Andy Keene was in his third-floor room at the Canopy by Hilton Hotel when he heard a predawn commotion. He looked out expecting to see window cleaners, but was surprised to see a twisting bolt of shiny steel rising from the ground and going up and up, its curvy spire becoming thinner and thinner.
“It was very Jack in the Beanstalk,” said Keene, who is from Cincinnati and had unexpectedly become the first known public witness to what he soon figured out was this “beautiful sculpture.”

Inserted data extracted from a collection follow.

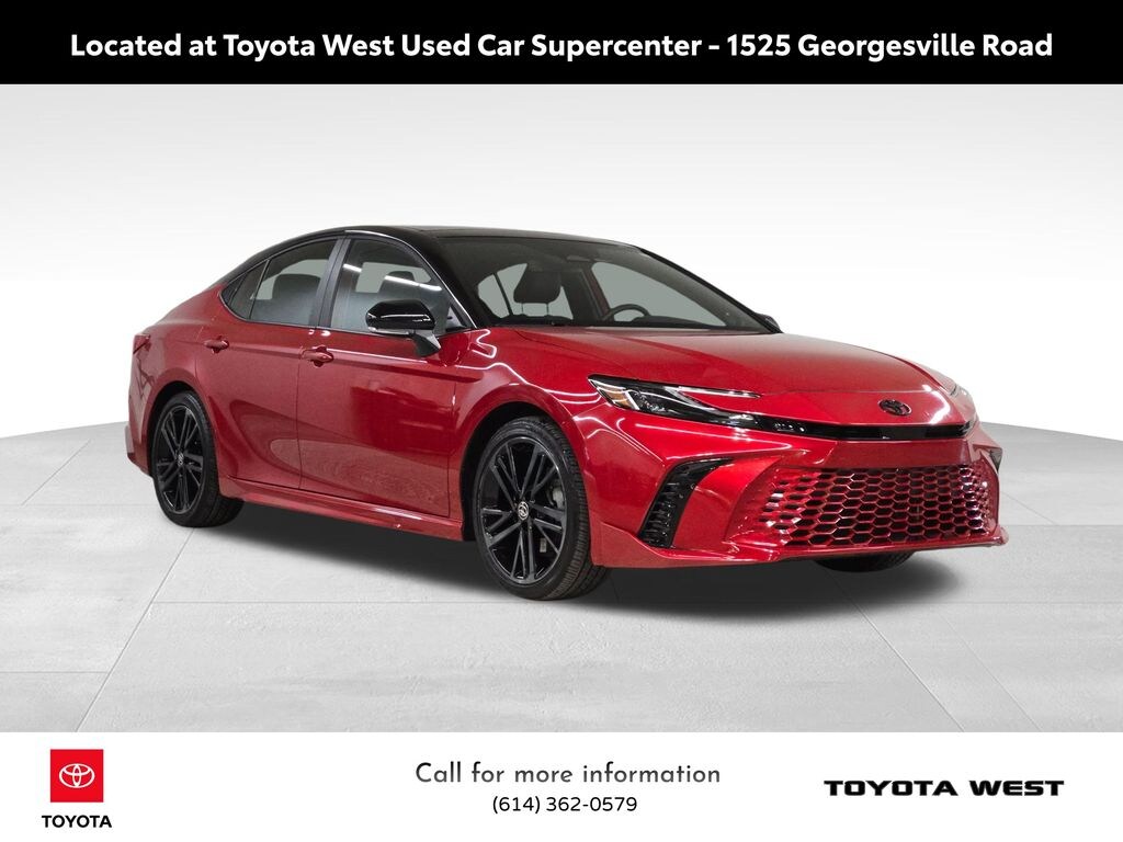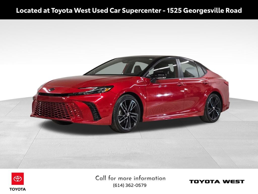 2.5L 4-Cylinder 16V DOHC, Black Leather, 4-Wheel Disc Brakes, 6 Speakers, ABS brakes, Air Conditioning, Alloy wheels, AM/FM radio: SiriusXM, Apple CarPlay/Android Auto, Auto High-beam Headlights, Auto-dimming Rear-View mirror, Automatic temperature control, Brake assist, Bumpers: body-color, Delay-off headlights, Driver door bin, Driver vanity mirror, Dual front impact airbags, Dual front side impact airbags, Electronic Stability Control, Emergency communication system: Safety Connect (up to 10-year trial subscription), Exterior Parking Camera Rear, Four wheel independent suspension, Front anti-roll bar, Front Bucket Seats, Front Center Armrest, Front dual zone A/C, Front reading lights, Fully automatic headlights, Garage door transmitter: HomeLink, Heated door mirrors, Heated Front Bucket Seats, Heated front seats, Heated steering wheel, Illuminated entry, Knee airbag, Leather Seat Trim, Leather Shift Knob, Leather steering wheel, Low tire pressure warning, Occupant sensing airbag, Outside temperature display, Overhead airbag, Overhead console, Panic alarm, Passenger door bin, Passenger vanity mirror, Power door mirrors, Power driver seat, Power passenger seat, Power steering, Power windows, Radio data system, Radio: Toyota Audio Multimedia w/12.3" Touchscreen, Rear anti-roll bar, Rear reading lights, Rear seat center armrest, Rear side impact airbag, Rear window defroster, Remote keyless entry, Security system, Speed control, Speed-sensing steering, Split folding rear seat, Spoiler, Steering wheel mounted audio controls, Telescoping steering wheel, Tilt steering wheel, Traction control, Trip computer, Turn signal indicator mirrors, Variably intermittent wipers, Wheels: 19" Smoke Gray & Black-Finished Alloy, 2.5L 4-Cylinder 16V DOHC, Black Leather. Supersonic Red 2.5L 4-Cylinder 16V DOHC eCVT
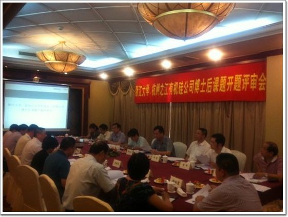 杭州之江有機(jī)硅化工有限公司博士后開題評審會在蕭山賓館舉行。出席評審會的有:浙江大學(xué)黨委副書記鄭強(qiáng)教授、浙江大學(xué)化工系主任王彥廣教授、浙江大學(xué)博士后管理辦公室主任趙雪珍主任、浙江大學(xué)高分子系宋義虎教授、省人社廳專技處許初長、蕭山區(qū)人社局副局長何宣及相關(guān)主任科員。之江公司董事長
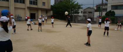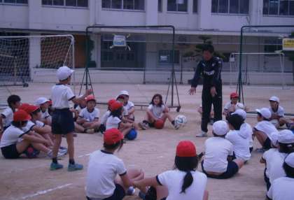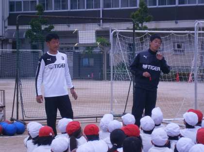 今年もセレッソ大阪から2名のコーチが来ていただきました。四貫島の児童は日頃よりサッカーを楽しんでいて、コーチの見せるサッカー技術に驚きと憧れの眼差しでみていました。前半は運動場で、ウォーミングアップやリフティングの練習をしました。
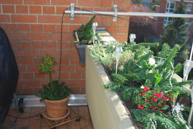 Nachdem alles so funktioniert hat, wie ich mir das überlegt habe, bin ich mit meinem winterlichen Balkon sehr glücklich. Zur Adventszeit wird dann der gesamte Balkon im Licht der Lichterkette erleuchten. Wenn dann noch Schnee liegt, ist es sicher ein besonderer Anblick.
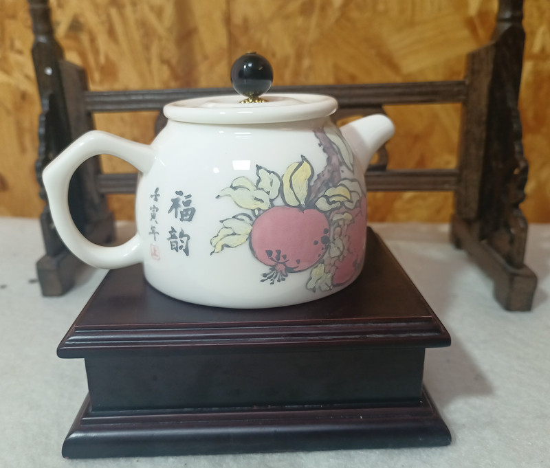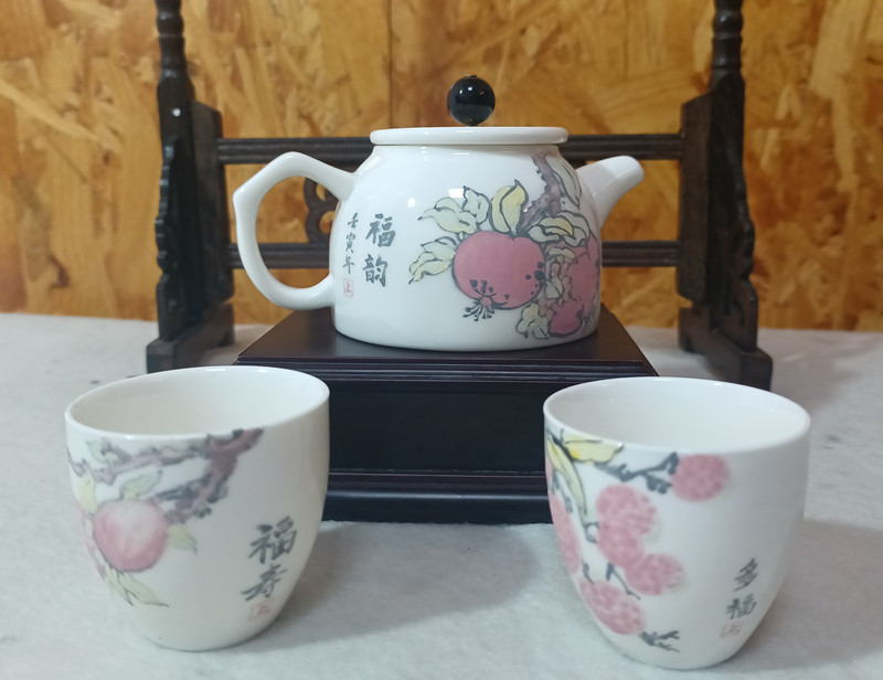 作品以的手绘方式把“福气”绘制到茶具上:将石榴、葫芦、柿子、荔枝等画到茶具上,同时增加了生活气息,希望茶具泡出的茶香散发出“福气”,让你把福带回家,把泉州“福”文化传承下去。
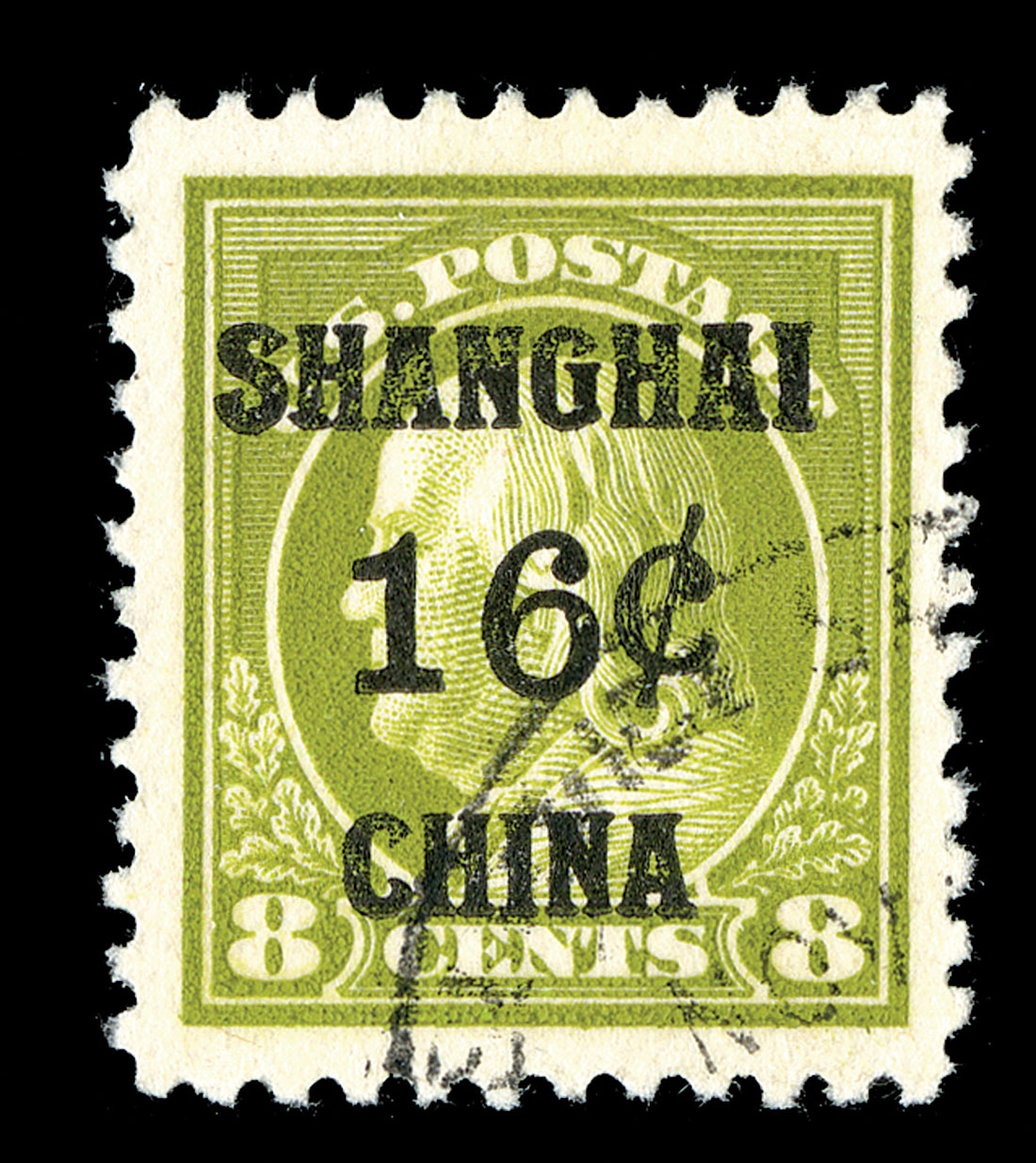#K8a, 16c on 8c Olive green, jumbo-margined used single, being wonderfully well centered within these lavish borders, especially deep and luxuriant color, portion of Shanghai Postal agency c.d.s., extremely fine gem; 2006 PF certificate (XF 90J; SSV $350.00 for 90 and $975.00 for 95).
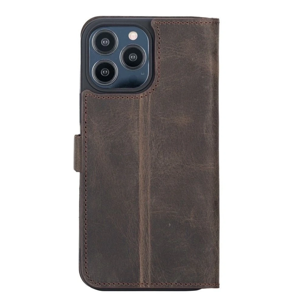 Apple iPhone 13 Pro Max Uyumlu Deri Cüzdanlı Kılıf Acı Kahve
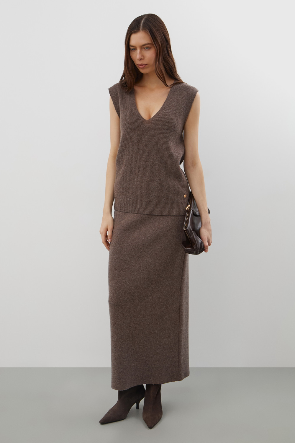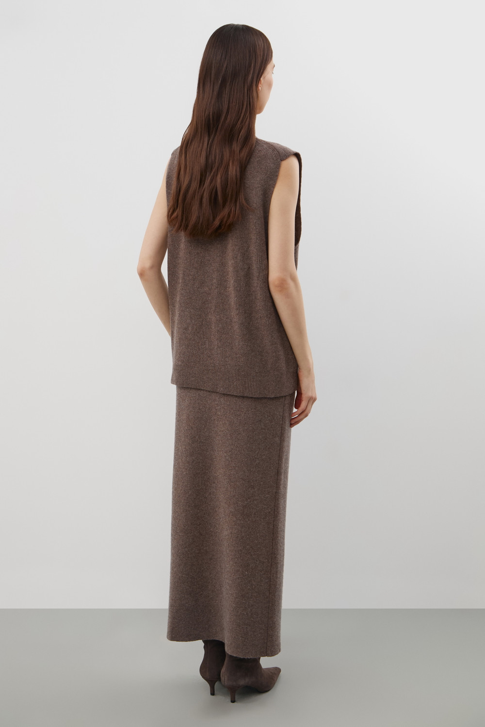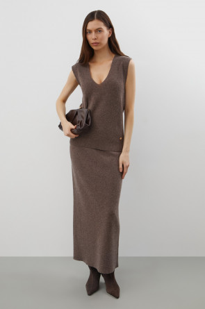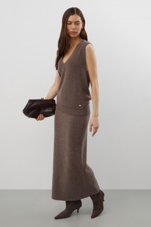 Жилет, изготовленный из высококачественной пряжи с применением передовой технологии смешанных волокон. Изысканное сочетание шерсти мериноса, кашемира и вискозы создает непревзойденный комфорт: модель деликатно подчеркивает силуэт, обеспечивает нежное прикосновение к коже и сохраняет безупречный внешний вид.
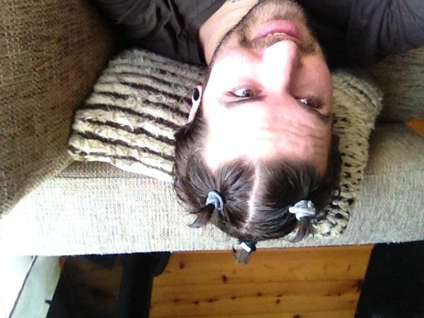 I like these funny pictures! The upside down posting makes them even more silly! Your hair is looking great and that is nice you can already do small ponytails. As you already know, it will only get better. Your beard and moustache also look great. You just look awesome all the way around! Keep up the good work! Great week to you and yours my friend!
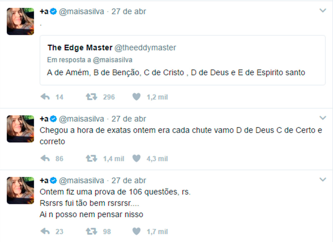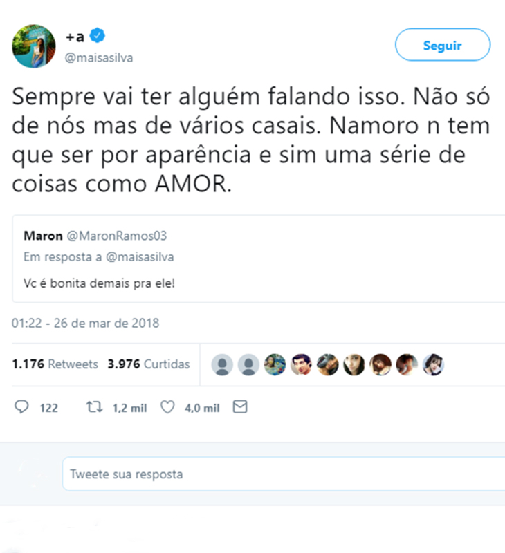 Em seguida, Maisa agradeceu o ator por responder as internautas de forma dura, alertando para os perigos de se admirar uma personagem como Joe.
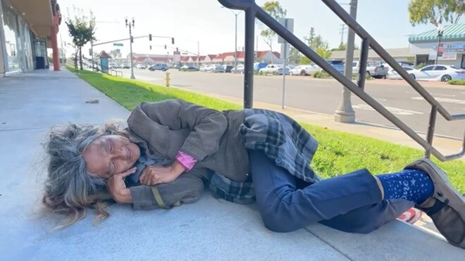 Hình ảnh Kim Ngân đầu tóc rối bù, da bọc xương, ngủ luôn ngoài đường do Youtube Bé Võ chia sẻ.
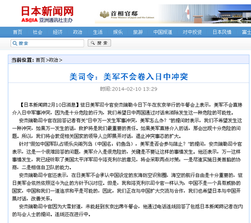 安杰瑞勒司令官在回答记者有关“日中万一发生军事冲突,美军怎么办?”的提问时表示,我们不希望发生这一种冲突,如果万一发生的话,救护将是我们最重要的责任。如果美军直接介入的话,那会出现十分危险的问题。所以,我们将会敦促相关国家的领导人立即展开对话,遏止冲突事态的扩大。
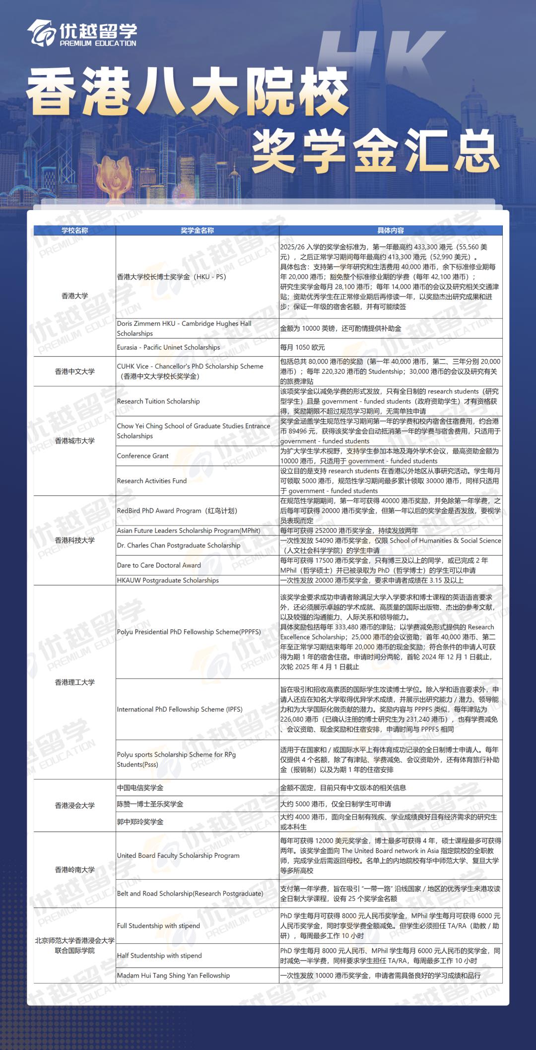 以上就是本次匯總的港澳新英全獎博士項(xiàng)目,如果你在申請過程中有任何疑問,歡迎隨時咨詢優(yōu)越留學(xué),我們的專業(yè)團(tuán)隊(duì)會為你提供全方位的申請指導(dǎo)和幫助,助力你實(shí)現(xiàn)博士夢想!
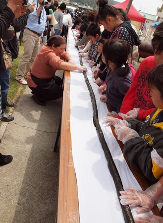 そして、お昼頃には10メートルの土佐巻作りに挑戦!実はAはこれは見られなかったんですが、後で写真で見ると、スっゴイですね長いですねぇ。
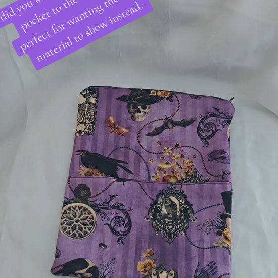 Whether you just want something for spooky season or something spooky year round, this book sleeve is just for you. Purple vertical subtle stripes are the background to skeletons, bats, and other spooky imagery.
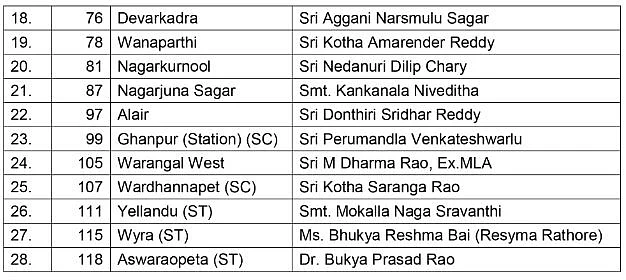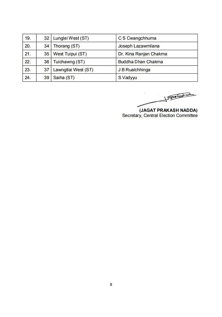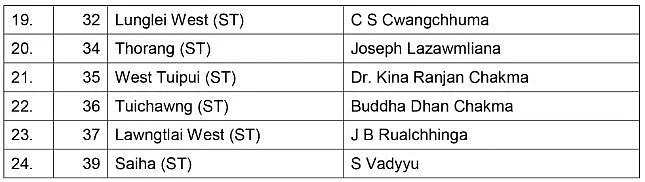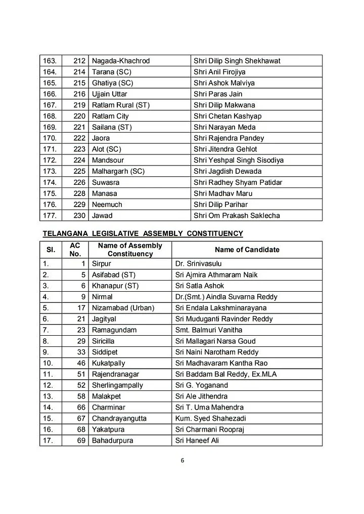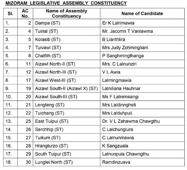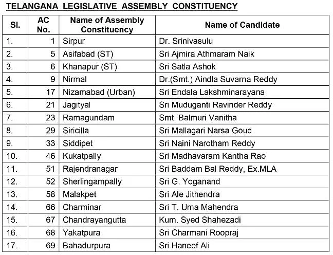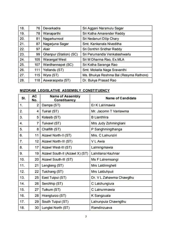 Lists of 24 and 28 candidates were released for Mizoram and Telangana respectively. The party had declared 13 candidates in Mizoram before the announcement on 2 November.
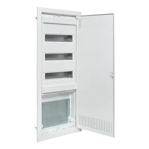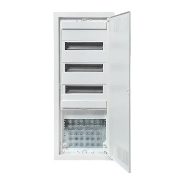 Электрощит для силового и слаботочного оборудования скрытой установки с металлической вентилируемой дверцей, 3 Дин рейки и 1 монтажная панель nv-cb-pmd-3+1
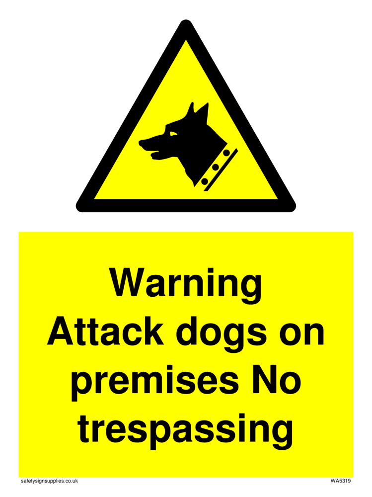 This sign contains a guard dog warning symbol. Guard dog in black on yellow warning triangle with black border.
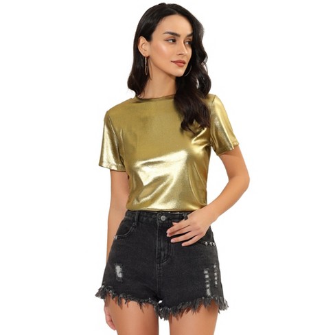 Allegra K Women s Party Metallic Textured Short Sleeve Shiny T shirts Gold Small
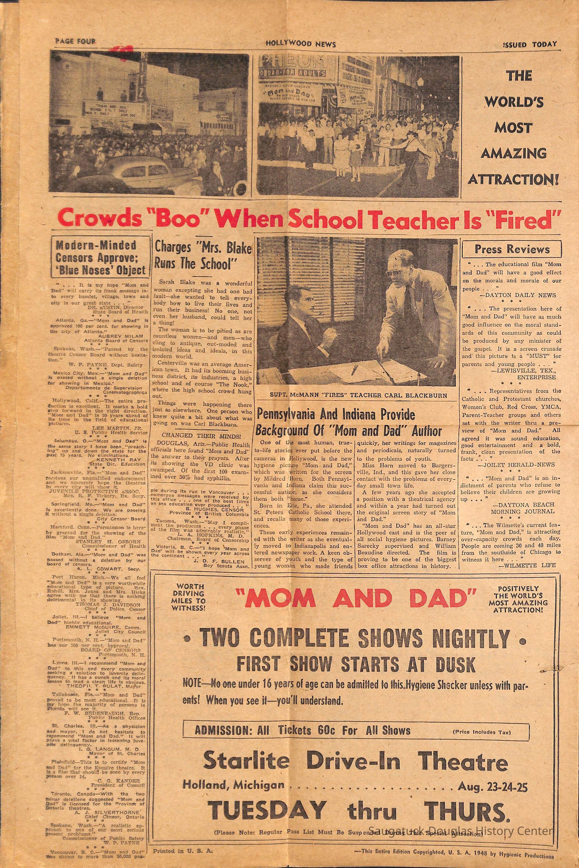 Advertising, Hollywood, Newspaper, Marketing, Public Relations, Saugatuck, Michigan, Holland, Michigan, Starlight, Starlite, Blue Star Highway, History of Film, Hygene film, Movie, Moral panic, sex education

“Node,” a twisting and tapering tree branch that weighs 8 tons and rises to a point at 102 feet, had been installed in the quiet hours to become the tallest freestanding sculpture in San Francisco, with no fanfare around its installation in the public plaza at the entrance to the Yerba Buena/Moscone Station of the Central Subway, which opened in January.
All those expectant T line riders,who have yet to flock to the long-awaited subway,now have a station signpost that can be seen up and down Fourth Street.
“It’s amazingly tall,” said Kathy Mancall of Oakland who was standing on the sidewalk with Keene once the morning sun was up and shimmering. “You just have to keep looking and looking to find the top.”
The sculpture, by New York artist Roxy Paine, was funded by the city’s 2% Art Enrichment Ordinance. It requires a small slice of the budgets for major construction projects to be dedicated to either purchasing or commissioning public art. In this case the slice amounted to $1.45 million, with the artist selected from 154 applicants.
This is Paine’s first San Francisco commission, and he was not onsite for the installation. He did not respond Sunday to an email request for his own description of his sculpture. In his statement for the competition, he described his artwork as part of an “enormous bio-industrial rhizomatic organism,” and “an elegant line connecting earth to sky, people to underground systems and sculpture to city.”
Hard to state it more plainly than that.
Before settling on Paine’s design, the Arts Commission also considered purchasing an existing piece, “Tower” by Sol LeWitt for the location.
“Node” is 10 feet taller than“Venus,” another stainless steel figure,which is the courtyard centerpiece at the Trinity Apartments in the Mid-Market neighborhood and has enjoyed seven years as the city’s tallest sculpture.
Paine won the competition in 2013. There was plenty of time, given all the delays in getting the Central Subway built and opened. “Node’ has been ready and in storage for years, awaiting Sunday’s debut.
“It’s a way-finder and an amazing feat of fabrication,” said Dorka Keehn, former chair of the San Francisco Arts Commission’s visual arts committee, which selected Paine. “It’s going to be seen from everywhere.”
The artist did not make the trip west for the installation, which started at 1 a.m. Sunday with “Node” leaving a storage yard in Dogpatch. It had come from a fabrication plant in four pieces and was assembled two days ago. In its full form it was hoisted onto a flatbed truck and brought to its location in a slow procession that took three hours from Dogpatch and did not exceed 3 mph.
Once onsite, it went up fast. Installation started around 5 a.m., when Keene was awakened. By 9 a.m. it was bolted in place.
A passerby named Telos, who has lived in the neighborhood for 40 years, observed, “I’m glad it wasn’t here when the high winds blew through last month because, who knows?”
As with all commissioned public art in the city, a structural engineer had to verify its stability, taking wind and earthquakes into consideration.
The other obvious concern was lightning. Standing at the base, which is just under 6 feet in diameter, it is easy to envision a bolt hitting the tippy top, which is a half inch in diameter, and lighting up the art in a way that neither direct sunlight nor streetlight nor automobile headlights can accomplish. If it happens, the piece will act like a lightning rod, with a system at its base to disperse the energy underground, said Jackie von Treskow, senior program manager of public art for the city.
The concrete foundation runs 2 feet below the pavement. “Node” seems impossible to miss, though people still managed on Sunday morning.
“我没有注意到它。我在看我的电话,“一个dmitted Greg Hinrichsen, a visitor from New York trying to navigate Muni. Once it was pointed out to him, Hinrichsen described the piece as “the coronavirus mutated.”
A descriptive plaque will follow. But for now, “Node” is open to interpretation.
“It looks like smoke billowing in the air,’ said Peter Hughes, who lives in the neighborhood. Bernard Enrile called it “an earthquake fault line. Or is it, like, a tree branch?”
The crowd coming into the station on Sunday started to pick up with fans in their replica jerseys heading to Chase Center for the Warriors-Kings playoff game, but they were already locked into basketball and in too big a rush to stop for art.